Material to process below:

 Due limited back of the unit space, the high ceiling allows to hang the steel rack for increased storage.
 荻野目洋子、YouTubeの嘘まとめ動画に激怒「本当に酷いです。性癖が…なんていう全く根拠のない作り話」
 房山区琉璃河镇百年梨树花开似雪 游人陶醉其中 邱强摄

End of Material to process.
Material to process below:

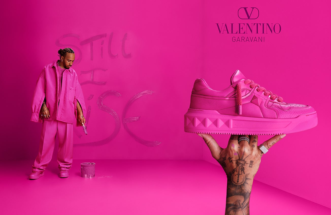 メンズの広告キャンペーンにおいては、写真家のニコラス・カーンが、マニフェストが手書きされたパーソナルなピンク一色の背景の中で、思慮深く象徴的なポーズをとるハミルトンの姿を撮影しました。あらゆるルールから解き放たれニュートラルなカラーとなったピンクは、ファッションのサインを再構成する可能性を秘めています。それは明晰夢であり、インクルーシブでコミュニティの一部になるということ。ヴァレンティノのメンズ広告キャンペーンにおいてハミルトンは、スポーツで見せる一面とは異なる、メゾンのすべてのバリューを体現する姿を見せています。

End of Material to process.
Material to process below:

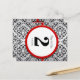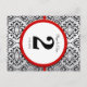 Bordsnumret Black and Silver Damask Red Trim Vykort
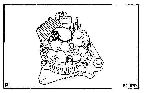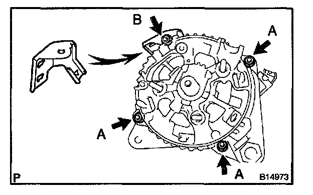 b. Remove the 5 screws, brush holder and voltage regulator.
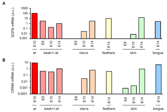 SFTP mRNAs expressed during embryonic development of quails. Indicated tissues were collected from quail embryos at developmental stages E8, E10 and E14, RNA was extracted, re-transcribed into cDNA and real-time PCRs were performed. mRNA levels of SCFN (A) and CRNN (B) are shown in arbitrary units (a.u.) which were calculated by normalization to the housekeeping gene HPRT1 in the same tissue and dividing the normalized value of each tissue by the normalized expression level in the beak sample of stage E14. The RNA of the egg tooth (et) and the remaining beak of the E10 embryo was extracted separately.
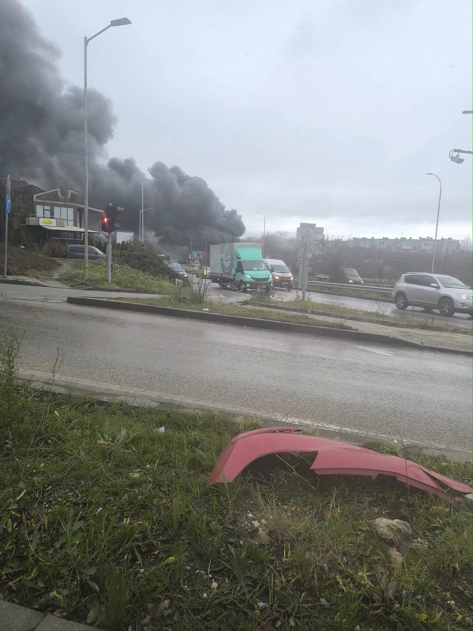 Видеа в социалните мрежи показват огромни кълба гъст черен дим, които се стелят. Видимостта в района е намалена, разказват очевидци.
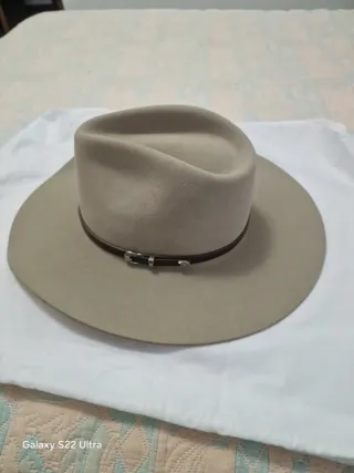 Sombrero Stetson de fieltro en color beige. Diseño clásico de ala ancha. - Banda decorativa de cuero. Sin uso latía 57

End of Material to process.

→ **Work task**
Copy exactly the stretch of data above from the line with "Due limited back" through the line with "房山区琉璃河镇百年梨树花开似雪 游人陶醉其中 邱强摄", and omit all other lines.

→ **Final answer**
 Due limited back of the unit space, the high ceiling allows to hang the steel rack for increased storage.
 荻野目洋子、YouTubeの嘘まとめ動画に激怒「本当に酷いです。性癖が…なんていう全く根拠のない作り話」
 房山区琉璃河镇百年梨树花开似雪 游人陶醉其中 邱强摄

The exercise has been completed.